As Jon noted via partial integration the integral can be brought into the form $I(\alpha) = \alpha \int_0^\infty\!dx\,x^2 K_1(x) \sin[2 \alpha K_0(x)].$ Next I perform the substitution $y=2K_0(x)$ (note that $K_0$ is a monotonously falling function such that the inverse $K_0^{-1}$ is uniquely defined). I get $ I(\alpha) = \frac{\alpha}2 \int_0^\infty\!dy\,\sin(\alpha y)[K_0^{-1}(y/2)]^2; $ note that $K_1$ cancelled with the derivative of $K_0^{-1}$ via inverse function theorem and the fact that $K_0'(x)=-K_1(x)$.

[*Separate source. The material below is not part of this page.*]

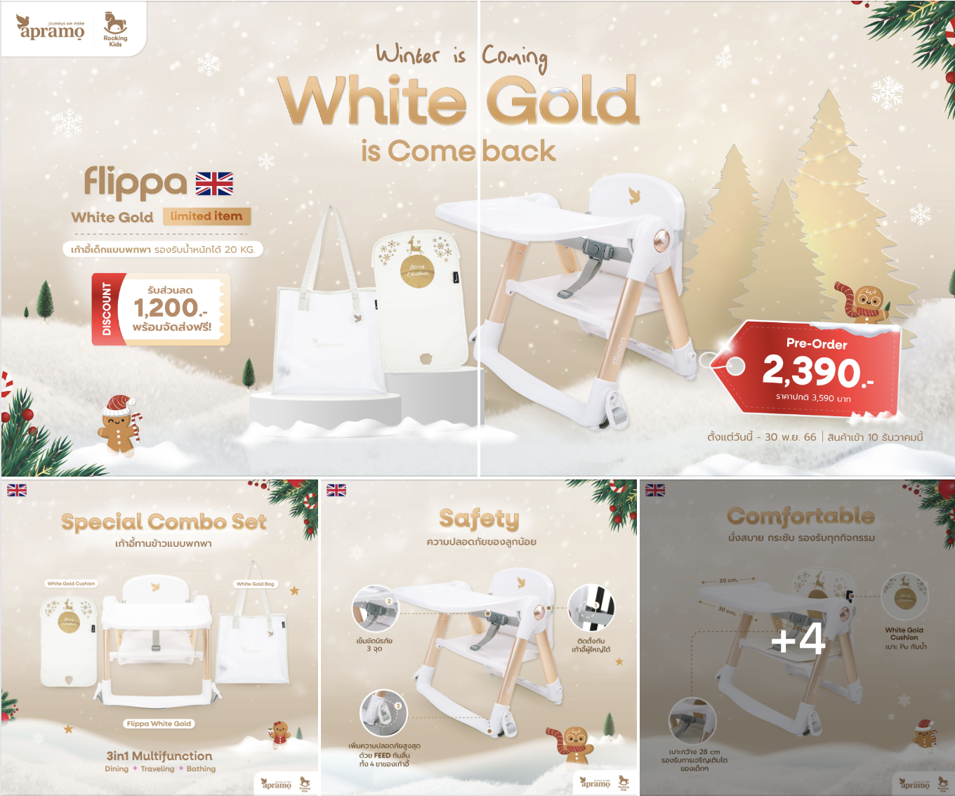 รวมถึง กิจกรรมเปิดตัวอย่างยิ่งใหญ่กับการกลับมาอีกครั้งของเก้าอี้ยอดฮิตจาก Apramo Flippa รุ่น White gold ที่แม่ ๆ ทั่วประเทศตามหา โดยทุกกิจกรรมเราตั้งใจที่อยากจะมอบเป็นของขวัญและความรู้สึกดี ๆ ให้กับพ่อ ๆ แม่ ๆ ทั่วทั้งประเทศ

This integral is almost ready for a stationary phase analysis, we replace $\sin(\alpha y) = \operatorname{Im} e^{i\alpha y}$ and note that the path of stationary phase starting from $y=0$ is along the imaginary axis. Thus, we substitute $y=i \zeta$ and get $I(\alpha)=\frac{\alpha}2 \int_0^\infty \!d\zeta\, e^{-\alpha \zeta} \operatorname{Re}[K_0^{-1}(i\zeta/2)]^2 ;$ here, we have analytically continued $K_0^{-1}$ into the complex plane.

The integral is dominated at $\zeta\approx 0$. Thus we can Taylor-expand $K_0^{-1}(i\zeta)$. We have $K_0(x) \sim e^{-x}$ thus $K_0^{-1}(y) \sim -\log y$. Using this asymptotic relation, we obtain $I(\alpha)\sim \frac{\alpha}2 \int_0^\infty \!d\zeta\, e^{-\alpha \zeta} \overbrace{\operatorname{Re}[\log(i\zeta/2)]^2}^{\sim \log^2 (\zeta/2)} \sim \frac{\alpha}2 \int_0^\infty \!d\zeta\, e^{-\alpha \zeta}\log^2 (\zeta/2) \sim \tfrac12 \log^2\alpha. $

I guess for the next term one has to work a bit harder and use $K_0^{-1}(y) \sim - \log y - \tfrac12 \log(-\log y)$. However, in principle it should be possible to extend this approach to next to leading terms.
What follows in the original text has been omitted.